Life was far from fhe only place that Americans learned about Africa. They picked up tidbits of information and an endless supply of mostly demeaning and inaccurate stereotypes from movies such as the Tarzan series and The African Queen and from novels and short stories by the likes of Rider Haggard and Ernest Hemingway. They learned some anthropology (and acquired still more stereotypes) from National Geographic.
But Life had an authority and reputation for accuracy that no movie or work of fiction could match. And, unlike National Geographic, it was concerned with newsworthy events and issues of pressing contemporary importance.

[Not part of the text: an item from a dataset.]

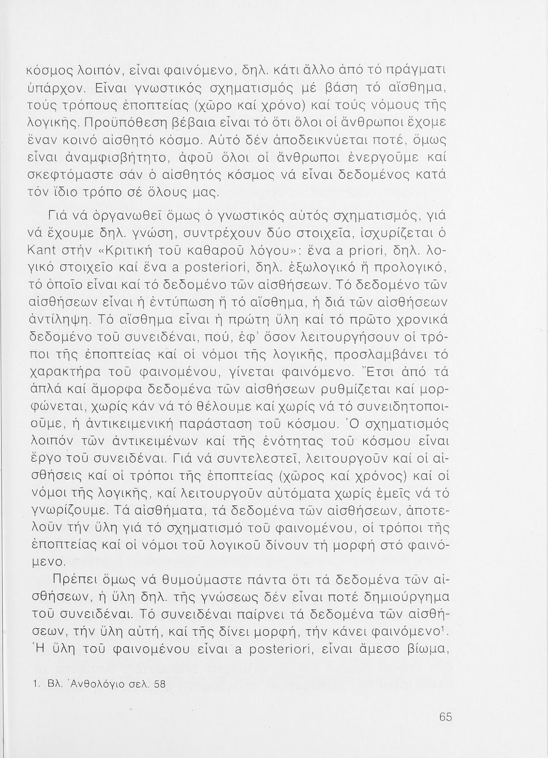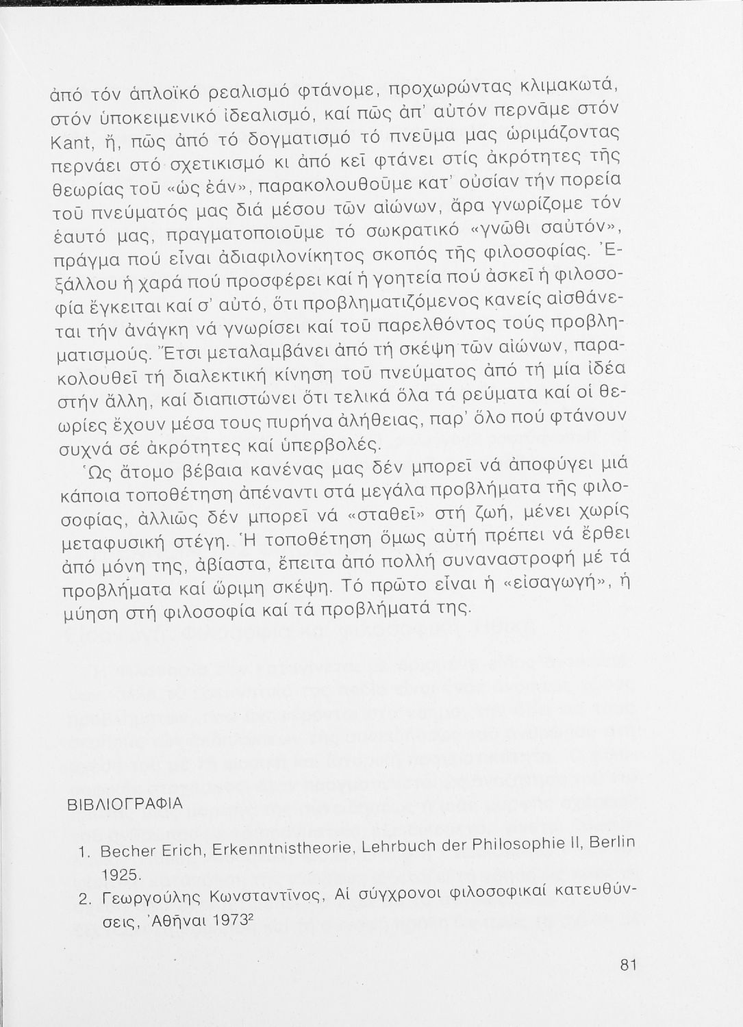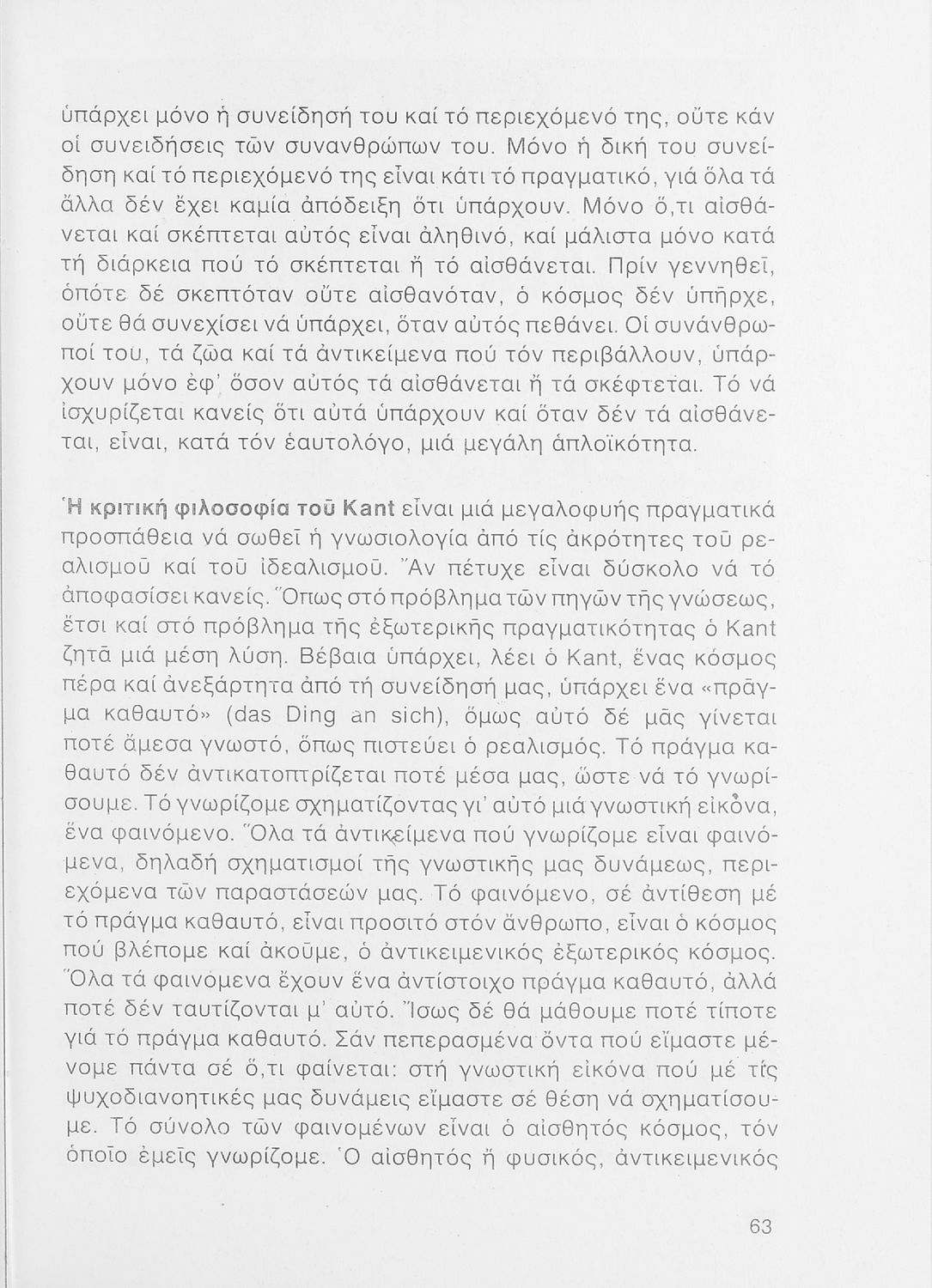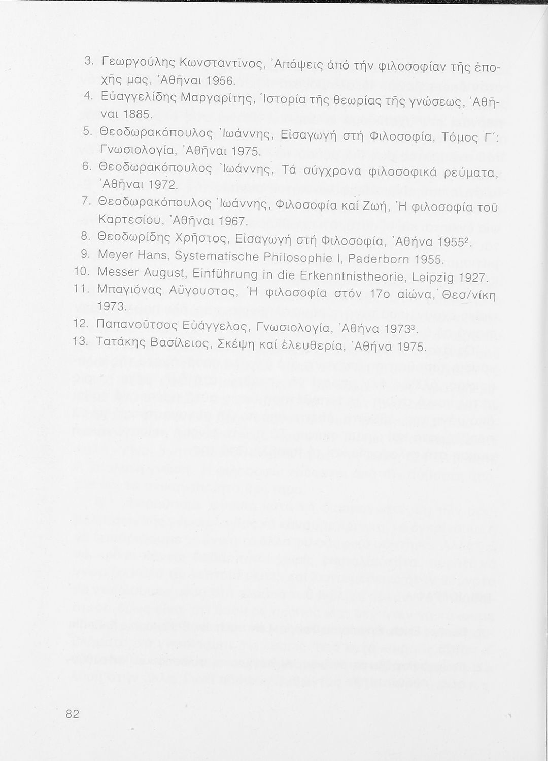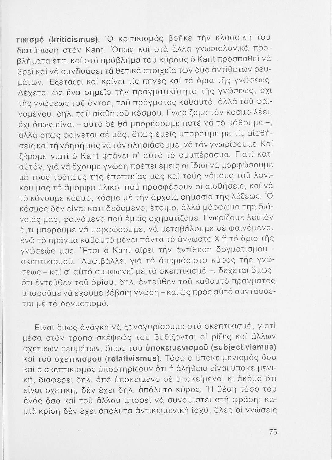 Σχολικό εγχειρίδιο Φιλοσοφίας Γ΄ Λυκείου που ακολουθεί μια ιστορική πραγμάτευση επιστημολογικών, ηθικών και αισθητικών ζητημάτων και καλύπτει δύο περιόδους: α) την ελληνική αρχαιότητα και β) την σύγχρονη ευρωπαϊκή σκέψη από τον Descartes και τον Kant στον λογικό θετικισμό και τον νεοκαντιανισμό. Περιέχει εκτενές κεφάλαιο για τους προσωκρατικούς.

So when Life pictured Africa and spoke about it, as it did, for instance, in a 1953 special issue that was entirely devoted to the continent, what it showed and what it said powerfully influenced the thinking of the American public and policy-makers as well.
Three fundamental realities shaped Life's perspective on Africa, one that it shared with government officials and, for that matter, with most white Americans. The first two were the ever strengthening civil rights movement in the United States and the rising anti-colonial struggles in Africa, both of which aimed at dismantling white supremacy. The third was the Cold War. The tensions and anxieties that these realities generated are clearly visible in Life's photos and reporting.
White Americans, including magazine editors and photographers, couldn't think about Africa without thinking about black Americans. From the country's birth, white people had defined themselves and their nation against black people, the racial other. Free vs. slave. Those with rights vs. those without. Jim Crow segregation followed enslavement and, in the post-war period, it was still alive and well.
Yet white Americans were all too aware of the steady cresendo of African American resistance to white supremacy that threatened to overturn the social and political arrangements to which they were accustomed. Many whites weren't sure they wanted that to happen. Racial anxieties were the order of the day, and it's no surprise that they were projected onto black people overseas.
In Africa the central tensions also had to do with white supremacy and resistance to it. Cold War competition with the Soviet Union complicated Amerian reponses to the challenges that African nationalism presented to the colonial empires of Britian, France, Belgium, and Portugal, four of America's closest allies. Race and geopolitics were thoroughly mixed.
These tensions and anxieties shaped Life's Africa coverage. It could not condemn any but the most flagrant injustices of colonialism nor whole-heartedly support African independence because it could not fully embrace the proposition that blacks were fully equal to whites. As a result racist stereotypes and caricatures mixed with grudging respect for selected antilcolonial causes. And almost always there was a lingering distrust of African nationalists, who seemed vulnerable to the lure of communism and all too eager to escape European tutelage.